[Data items]
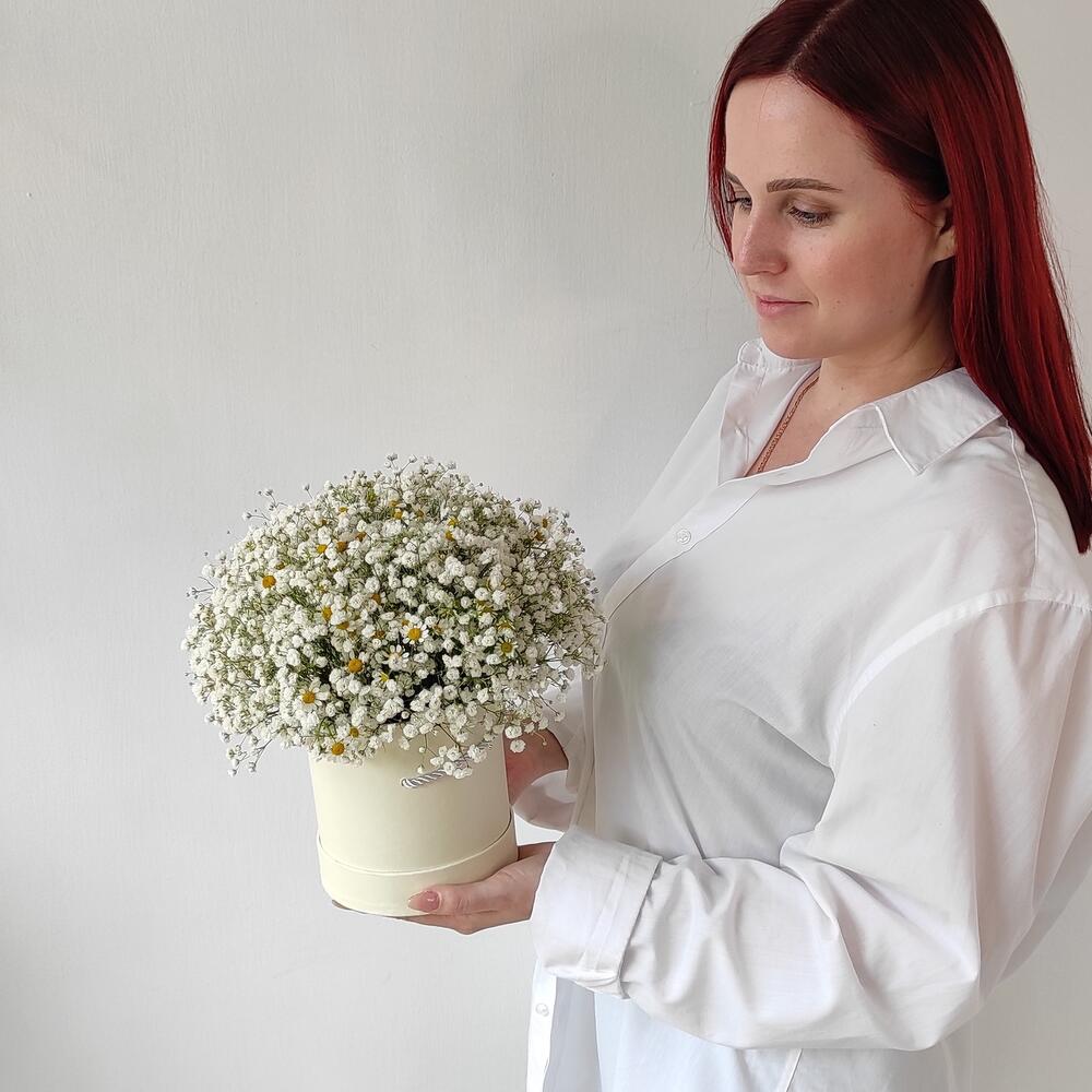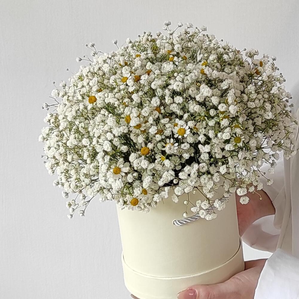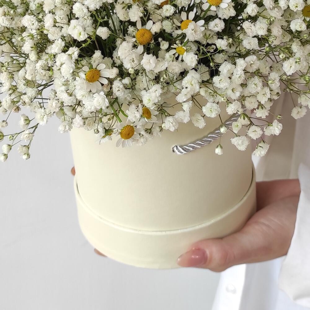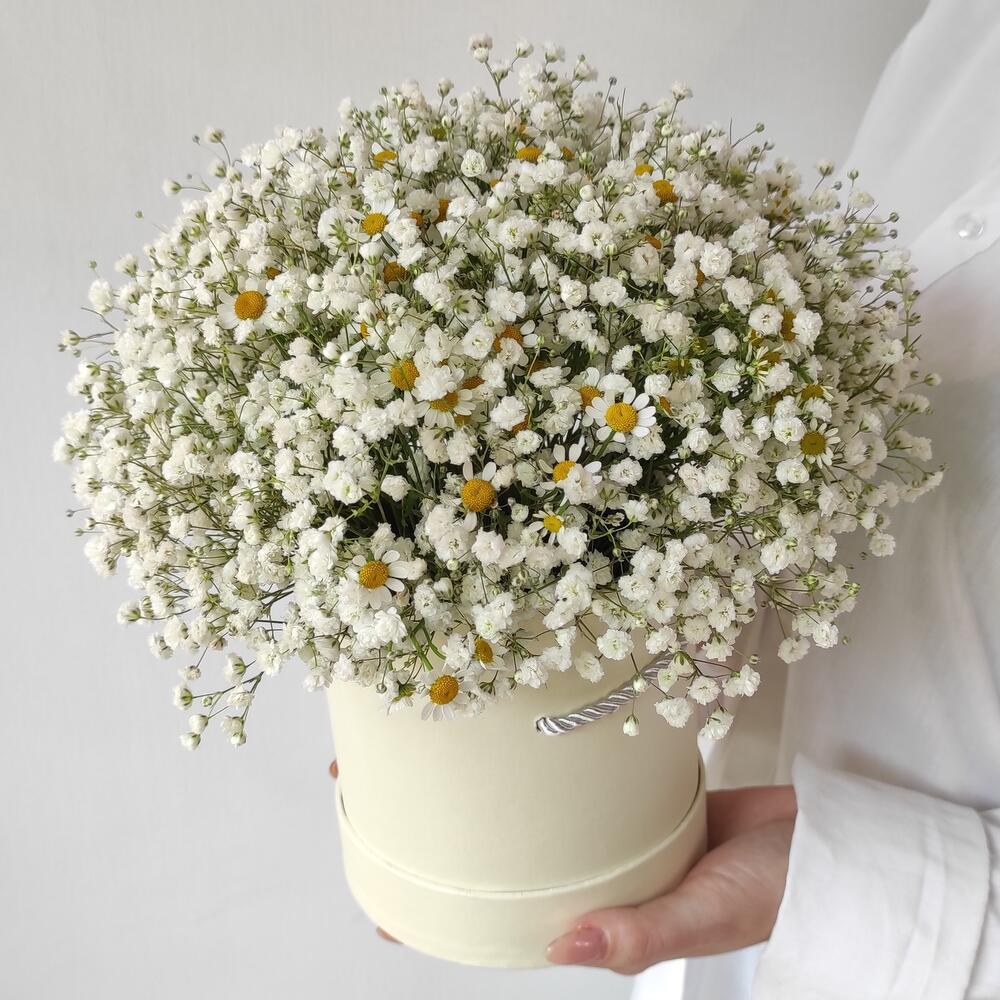 Композиция в шляпной коробки из гипсофилы и ромашки обладает чудесным ароматом поля и летних вечеровСтильная композиция в флористической губке, это очень эффектно и удобно одновременно , не требует смены воды и дополнительной вазы для цветов Наша рекомендация для того ,чтобы цветы дольше вас радовали доливайте 1/2 стакана воды 1 раз в 2-3 дня Цветы гипсофилы отличаются своей стойкостью и способностью высыхать в первозданном виде , такая композиция ещё долго будет радовать вас в качестве сухоцвета Мы подпишем от вас открытку 💌 бесплатно
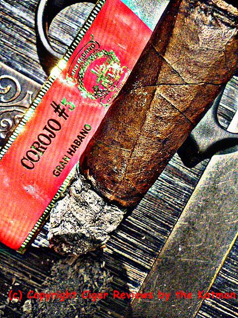 Construction is good but a few soft spots here and there. And rock hard in others. But I’m nit picking. The Corojo wrapper is an oily, toothy, chocolate brown. Seams are invisible. Lots of small veins. And a beautiful triple cap.
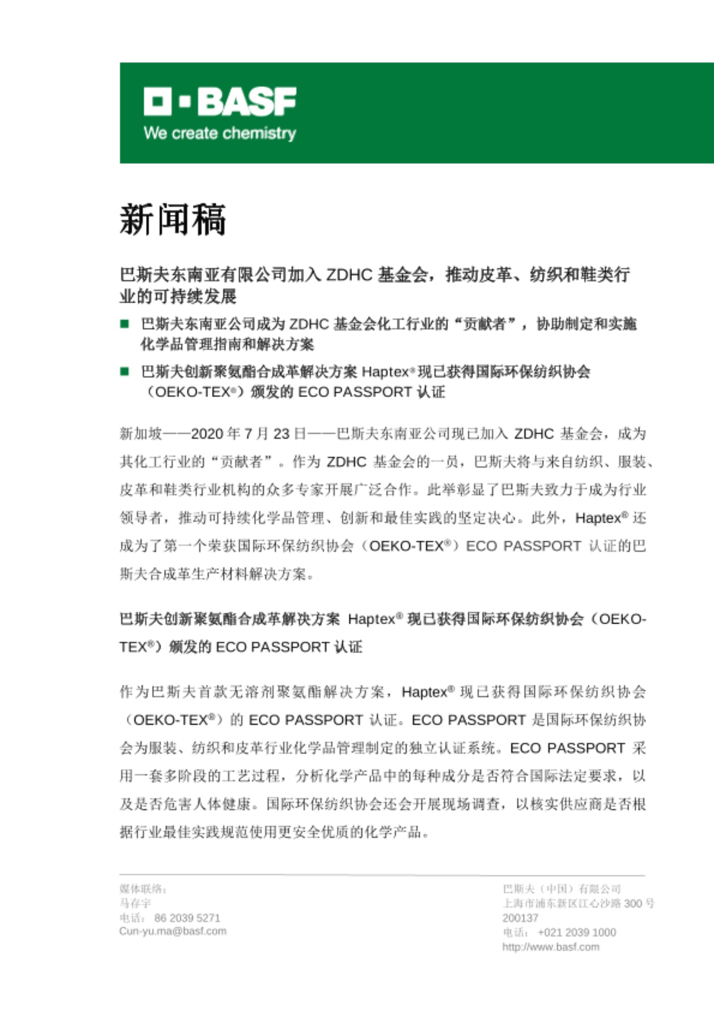 新加坡——2020年7月23日——巴斯夫东南亚公司现已加入 ZDHC 基金会,成为其化工行业的“贡献者”。作为 ZDHC 基金会的一员,巴斯夫将与来自纺织、服装、皮革和鞋类行业机构的众多专家开展广泛合作。此举彰显了巴斯夫致力于成为行业领导者,推动可持续化学品管理、创新和最佳实践的坚定决心。此外,Haptex® 还成为了第一个荣获国际环保纺织协会(OEKO-TEX®)ECO PASSPORT 认证的巴斯夫合成革生产材料解决方案。
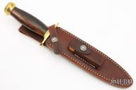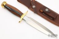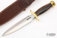 This Model 2-7 by Randall Made knives features a satin finished double edged blade, .221" blade thickness and 1.286" blade depth, hidden tang construction. The Model 2 is a heavily made dagger or dirk. Brass guard and butt, ebony wood grip with black spacers. Comes with a brown leather sheath and original papers. Excellent condition.
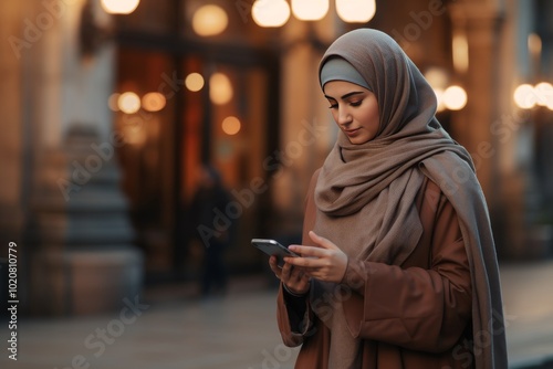 Young muslim woman with veil using a smartphone on the street while people are walking by, copy space left. Young muslim woman on urban scene.
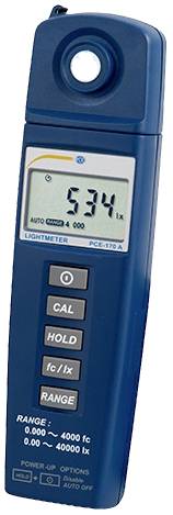 Messgerät für Helligkeit PCE-170 mit integriertem Sensor Helligkeitsmessgerät für die schnelle und genaue Lichtmessung / Messbereich von 0,00 bis 40.000 Lux / Silicon-Photodioden-Sensor / Grosse 5-stellige LCD-Anzeige / Präzise, sofortige Ansprechung / automatische oder manuelle Bereichsumschaltung Das PCE-170A ist ein Messgerät für Helligkeit das sich insbesondere durch die eindrucksvolle Langzeitstabilität sowie das in dieser Geräteklasse hervorragende Preis-Leistungsverhältnis auszeichnet. Das Messgerät für Helligkeit verfügt über einen großen Messbereich, die kurze Ansprechzeit und das kompakte Gehäuse ermöglichen ein schnelles und müheloses Arbeiten mit Einhandbedienung. Diese ist intuitiv und einfach gestaltet, sodass sie auch für Laien schnell erlernbar ist. Mit dem Helligkeitsmesser ist eine professionelle Aussage über die richtigen Lichtverhältnisse schnell und kostenoptimiert möglich. Das Helligkeitsmessgerät eignet sich für vielfältige gewerbliche und industrielle Einsatzbereiche wie z.B. die Optimierung der Lichtverhältnisse an Einzelarbeitsplätzen, in Großraumbüros, in Lagerhallen oder in Industrie- und Wohngebäuden. Außerdem können Fluchtwege mit dem Helligkeitsmessgerät auf ihre korrekte Ausleuchtung geprüft werden. So sind diese Geräte unverzichtbare Helfer im Einsatz für die Gesundheit und den Arbeitsschutz, um auch berufsgenossenschaftlichen Anforderungen zu entsprechen. Arbeitsplätze werden damit sicherer und tragen entscheidend zur Kostensenkung bei. Untersuchungen haben ergeben, dass nicht nur zu wenig, sondern auch zuviel Licht schädlich sein kann. Im häuslichen Bereich können die Lichtverhältnisse z.B. im eigenen Büro kontrolliert werden. Das PCE-170A ist ein digitales Messgerät für Helligkeit in der Einheit Lux (Lumen pro m² oder Lumen pro Fuß²). Der robuste, portable Helligkeitsmesser liefert hochgenaue Messergebnisse und verfügt über eine Nullpunktkalibrierung nach dem Einschalten sowie über eine an die Augencharakteristik angepasste Sensorkurve. Er dient in erster Linie zum Ausmessen von künstlichen Lichtquellen. Gemessen wird die Helligkeit am Messpunkt, unabhängig von Ausdehnung und Richtung der Lichtquelle über eine Silizium-Photodiode. Mit der einfachen Bedienung und dem schnellen Messverfahren wird das Gerät rasch zum vertrauten Werkzeug, das aus dem Arbeitsalltag nicht mehr wegzudenken ist.
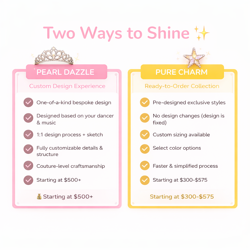 💎 Pearl Dazzle — Fully custom, one-of-a-kind designs tailored to your dancer, music, and vision.
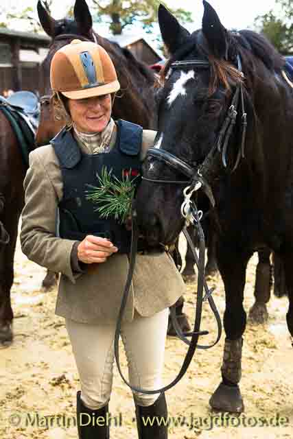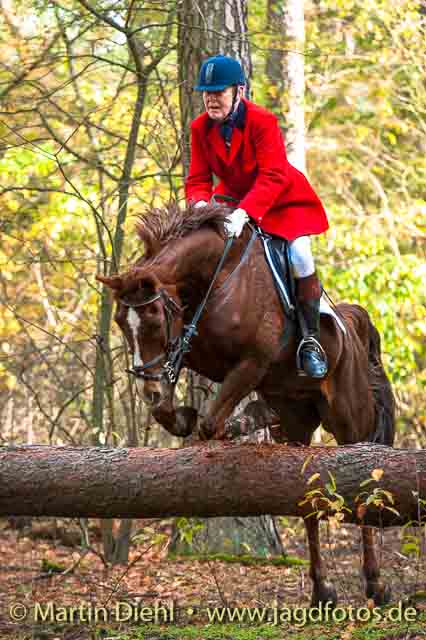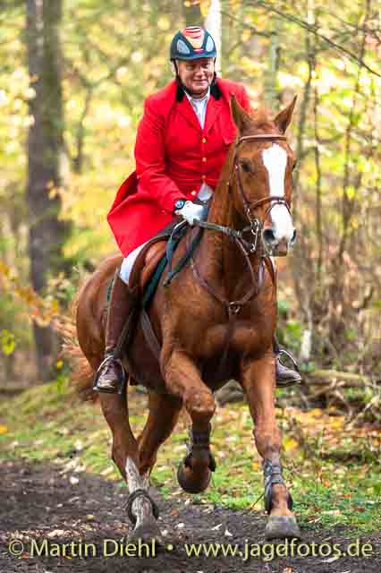![]() Bericht einer Jagdreiterin: Bei schönem Wetter angekommen gab es erst ein Büfett mit sehr leckeren Häppchen beim Stelldichein. Gut gestärkt nach nettem Plausch mit netten Leuten ging es auf den Reitplatz. Nach der Begrüßung und Rede des Jagdherrn ging es in ruhigem Schritt los. Die erste Schleppe wurde gelegt und das Tempo zog rasant an. Nun ging es im schnellen Gallopp den Hunden hinterher durch den Wald. Der Weg ging in Schlangenlinien, was dem Tempo aber keinen Abbruch tat. In kleinen Ausbuchtungen am Wegesrand konnte, wer wollte, die Hindernisse mitnehmen. Es gab auch Bergauf- und Bergabsprünge sowie einen kleinen Graben. Zwischendurch gab es ein kleines Durcheinander der Felder, welches sich aber schnell klärte. Sonja ..., die das erste Mal als Schleppenlegerin fungierte, machte ihre Sache sehr gut. Auf kleinen Lichtungen im Wald konnten sich Hunde und Pferde zwischen den Schleppen erholen. Zurück in der Reitanlage gab es einen kleinen Imbiss und Getränke. Die zweite Runde viel wesentlich kleiner aus, aber ich hatte das Gefühl, dass das Tempo noch höher war . Den Weg zum Reitplatz - noch in vollem Gallopp - herunter hieß es dann "Halali Halali" und alle waren froh über eine unfallfreie Jagd an einem so herrlichen Sonntag im November 2013. Bei einem Lagerfeuer erhielten die Hunde ihre verdiente Currée und die Reiter einen Schnaps, den Jagdknopf und einen Bruch. Nach dem Versorgen unserer treuen Rösser gab es ein fürstliches Mahl, welches aus Wildschweingulasch mit Knödeln und einer mit Preiselbeeren gefüllten Birne bestand und wir ließen es uns in geselliger Runde schmecken. Waidmanns Dank für diese schöne Jagd. Berichterstatterin: Simone Kirschner ![]() ![]() ![]() ![]() ![]()
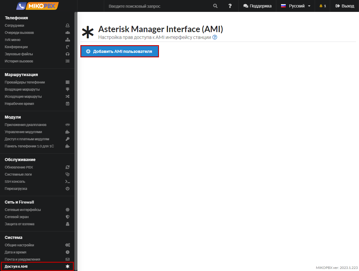 Первое что необходимо сделать, это включить AMI и завести пользователя, с помощью которого клиентская программа будет аутентифицироваться. «**Система**» - «**Доступ к AMI**»

▶ _WHAT YOU ARE ASKED TO DO_:
The answer should consist of all the records, duplicated exactly, with no images included.

▶ _WRITTEN SOLUTION_:
 Композиция в шляпной коробки из гипсофилы и ромашки обладает чудесным ароматом поля и летних вечеровСтильная композиция в флористической губке, это очень эффектно и удобно одновременно , не требует смены воды и дополнительной вазы для цветов Наша рекомендация для того ,чтобы цветы дольше вас радовали доливайте 1/2 стакана воды 1 раз в 2-3 дня Цветы гипсофилы отличаются своей стойкостью и способностью высыхать в первозданном виде , такая композиция ещё долго будет радовать вас в качестве сухоцвета Мы подпишем от вас открытку 💌 бесплатно
 Construction is good but a few soft spots here and there. And rock hard in others. But I’m nit picking. The Corojo wrapper is an oily, toothy, chocolate brown. Seams are invisible. Lots of small veins. And a beautiful triple cap.
 新加坡——2020年7月23日——巴斯夫东南亚公司现已加入 ZDHC 基金会,成为其化工行业的“贡献者”。作为 ZDHC 基金会的一员,巴斯夫将与来自纺织、服装、皮革和鞋类行业机构的众多专家开展广泛合作。此举彰显了巴斯夫致力于成为行业领导者,推动可持续化学品管理、创新和最佳实践的坚定决心。此外,Haptex® 还成为了第一个荣获国际环保纺织协会(OEKO-TEX®)ECO PASSPORT 认证的巴斯夫合成革生产材料解决方案。
 This Model 2-7 by Randall Made knives features a satin finished double edged blade, .221" blade thickness and 1.286" blade depth, hidden tang construction. The Model 2 is a heavily made dagger or dirk. Brass guard and butt, ebony wood grip with black spacers. Comes with a brown leather sheath and original papers. Excellent condition.
 Young muslim woman with veil using a smartphone on the street while people are walking by, copy space left. Young muslim woman on urban scene.
 Messgerät für Helligkeit PCE-170 mit integriertem Sensor Helligkeitsmessgerät für die schnelle und genaue Lichtmessung / Messbereich von 0,00 bis 40.000 Lux / Silicon-Photodioden-Sensor / Grosse 5-stellige LCD-Anzeige / Präzise, sofortige Ansprechung / automatische oder manuelle Bereichsumschaltung Das PCE-170A ist ein Messgerät für Helligkeit das sich insbesondere durch die eindrucksvolle Langzeitstabilität sowie das in dieser Geräteklasse hervorragende Preis-Leistungsverhältnis auszeichnet. Das Messgerät für Helligkeit verfügt über einen großen Messbereich, die kurze Ansprechzeit und das kompakte Gehäuse ermöglichen ein schnelles und müheloses Arbeiten mit Einhandbedienung. Diese ist intuitiv und einfach gestaltet, sodass sie auch für Laien schnell erlernbar ist. Mit dem Helligkeitsmesser ist eine professionelle Aussage über die richtigen Lichtverhältnisse schnell und kostenoptimiert möglich. Das Helligkeitsmessgerät eignet sich für vielfältige gewerbliche und industrielle Einsatzbereiche wie z.B. die Optimierung der Lichtverhältnisse an Einzelarbeitsplätzen, in Großraumbüros, in Lagerhallen oder in Industrie- und Wohngebäuden. Außerdem können Fluchtwege mit dem Helligkeitsmessgerät auf ihre korrekte Ausleuchtung geprüft werden. So sind diese Geräte unverzichtbare Helfer im Einsatz für die Gesundheit und den Arbeitsschutz, um auch berufsgenossenschaftlichen Anforderungen zu entsprechen. Arbeitsplätze werden damit sicherer und tragen entscheidend zur Kostensenkung bei. Untersuchungen haben ergeben, dass nicht nur zu wenig, sondern auch zuviel Licht schädlich sein kann. Im häuslichen Bereich können die Lichtverhältnisse z.B. im eigenen Büro kontrolliert werden. Das PCE-170A ist ein digitales Messgerät für Helligkeit in der Einheit Lux (Lumen pro m² oder Lumen pro Fuß²). Der robuste, portable Helligkeitsmesser liefert hochgenaue Messergebnisse und verfügt über eine Nullpunktkalibrierung nach dem Einschalten sowie über eine an die Augencharakteristik angepasste Sensorkurve. Er dient in erster Linie zum Ausmessen von künstlichen Lichtquellen. Gemessen wird die Helligkeit am Messpunkt, unabhängig von Ausdehnung und Richtung der Lichtquelle über eine Silizium-Photodiode. Mit der einfachen Bedienung und dem schnellen Messverfahren wird das Gerät rasch zum vertrauten Werkzeug, das aus dem Arbeitsalltag nicht mehr wegzudenken ist.
 💎 Pearl Dazzle — Fully custom, one-of-a-kind designs tailored to your dancer, music, and vision.
![]() Bericht einer Jagdreiterin: Bei schönem Wetter angekommen gab es erst ein Büfett mit sehr leckeren Häppchen beim Stelldichein. Gut gestärkt nach nettem Plausch mit netten Leuten ging es auf den Reitplatz. Nach der Begrüßung und Rede des Jagdherrn ging es in ruhigem Schritt los. Die erste Schleppe wurde gelegt und das Tempo zog rasant an. Nun ging es im schnellen Gallopp den Hunden hinterher durch den Wald. Der Weg ging in Schlangenlinien, was dem Tempo aber keinen Abbruch tat. In kleinen Ausbuchtungen am Wegesrand konnte, wer wollte, die Hindernisse mitnehmen. Es gab auch Bergauf- und Bergabsprünge sowie einen kleinen Graben. Zwischendurch gab es ein kleines Durcheinander der Felder, welches sich aber schnell klärte. Sonja ..., die das erste Mal als Schleppenlegerin fungierte, machte ihre Sache sehr gut. Auf kleinen Lichtungen im Wald konnten sich Hunde und Pferde zwischen den Schleppen erholen. Zurück in der Reitanlage gab es einen kleinen Imbiss und Getränke. Die zweite Runde viel wesentlich kleiner aus, aber ich hatte das Gefühl, dass das Tempo noch höher war . Den Weg zum Reitplatz - noch in vollem Gallopp - herunter hieß es dann "Halali Halali" und alle waren froh über eine unfallfreie Jagd an einem so herrlichen Sonntag im November 2013. Bei einem Lagerfeuer erhielten die Hunde ihre verdiente Currée und die Reiter einen Schnaps, den Jagdknopf und einen Bruch. Nach dem Versorgen unserer treuen Rösser gab es ein fürstliches Mahl, welches aus Wildschweingulasch mit Knödeln und einer mit Preiselbeeren gefüllten Birne bestand und wir ließen es uns in geselliger Runde schmecken. Waidmanns Dank für diese schöne Jagd. Berichterstatterin: Simone Kirschner ![]() ![]() ![]() ![]() ![]()
 Первое что необходимо сделать, это включить AMI и завести пользователя, с помощью которого клиентская программа будет аутентифицироваться. «**Система**» - «**Доступ к AMI**»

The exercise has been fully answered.